The derivative tells you the slope at any point.
df/dx = 8 x^3 - 12 x
When x = 3, the slope is
m = 8*27 - 36 = 180
and the equation of the tangent line is
(y - 228) = 180*(x - 3)
y = 180 x - 540 + 228 = 180 x - 312
wow, that was absolutely correct (i just plugged it into webassign), thanks a lot!!
please just help me to understand the last part though for the test, where did you get the (y-228) = 180*(x-3)?

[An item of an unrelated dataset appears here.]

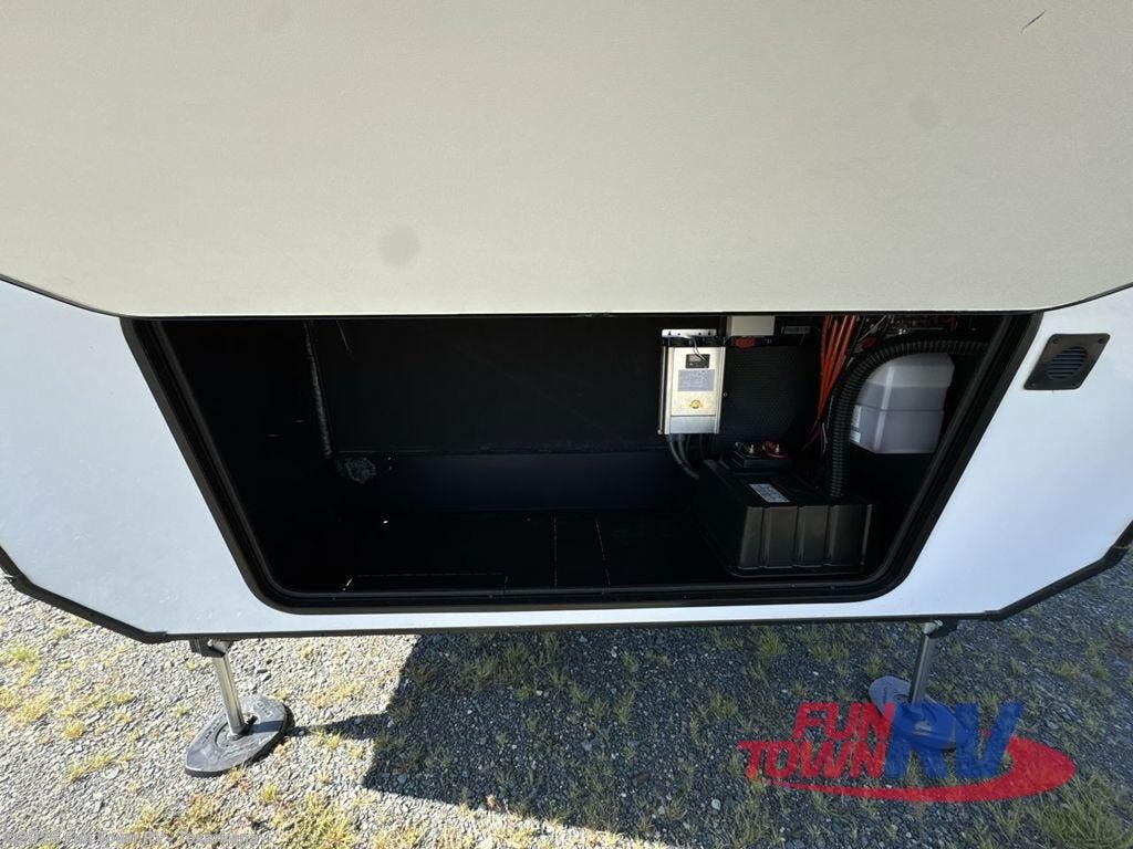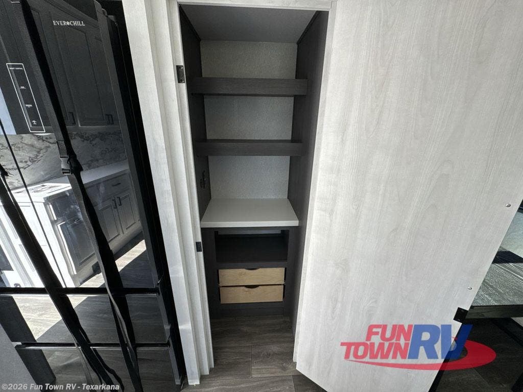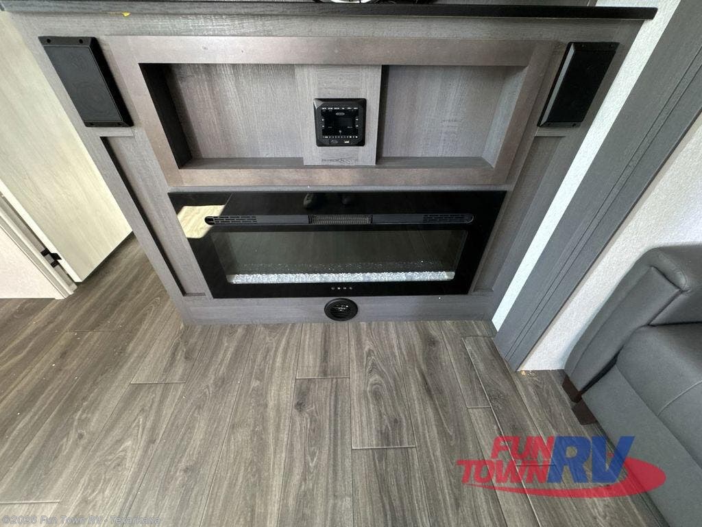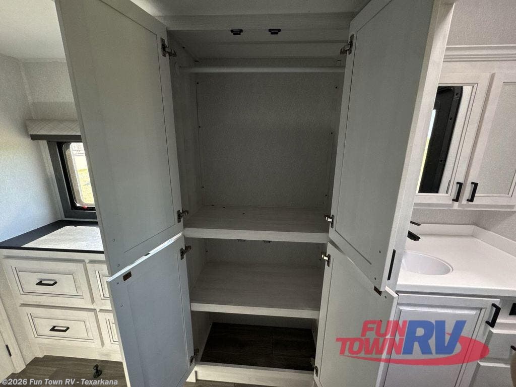 If you enjoy camping with a larger group of family or friends, this dual entry fifth wheel is for you! There is a front bedroom with a king bed slide and storage, plus a second bedroom in the back, complete with a full rear bath, a queen bed slide and storage space. A loft with a ladder is above the rear bedroom, which includes two bunk mats, loft cabinets, and TV prep if the little ones want to watch movies at night. Head to the middle of the unit to enjoy cooking on the four burner range and utilizing the generous counter space in the kitchen. There is also a walk-in pantry with a coffee bar and shelves, plus a 16 cu. ft. 12V refrigerator for food storage. Theater seating in the living room is in direct view of the TV and fireplace, and there is a tri-fold sofa slide out here as well for even more seating and sleeping space!

Find the equation of the line that is tangent to the graph of f(x) = 2x4 - 6x2 + 120 at the point (3, 228).
y=?
The equation for a line with slope m through points x = a and y = b is
(y- b)= m (x - a)
That is where the formula came from.
To find the equation of the tangent line at the point (3, 228), we can use the formula for a line with slope m through points x = a and y = b, which is:
(y - b) = m(x - a)
In this case, a = 3 and b = 228. We need to find the slope, which is the derivative of the function f(x). The derivative of f(x) = 2x^4 - 6x^2 + 120 is:
df/dx = 8x^3 - 12x
To find the slope at x = 3, substitute x = 3 into the derivative:
m = 8(3^3) - 12(3)
= 180
Now we have the slope, which is m = 180. Using the formula for the tangent line, we can substitute the slope and the point (3, 228):
(y - 228) = 180(x - 3)
This is the equation of the tangent line. Simplifying it further, we can write it in the standard form:
y - 228 = 180x - 540
y = 180x - 312
So the equation of the tangent line is y = 180x - 312.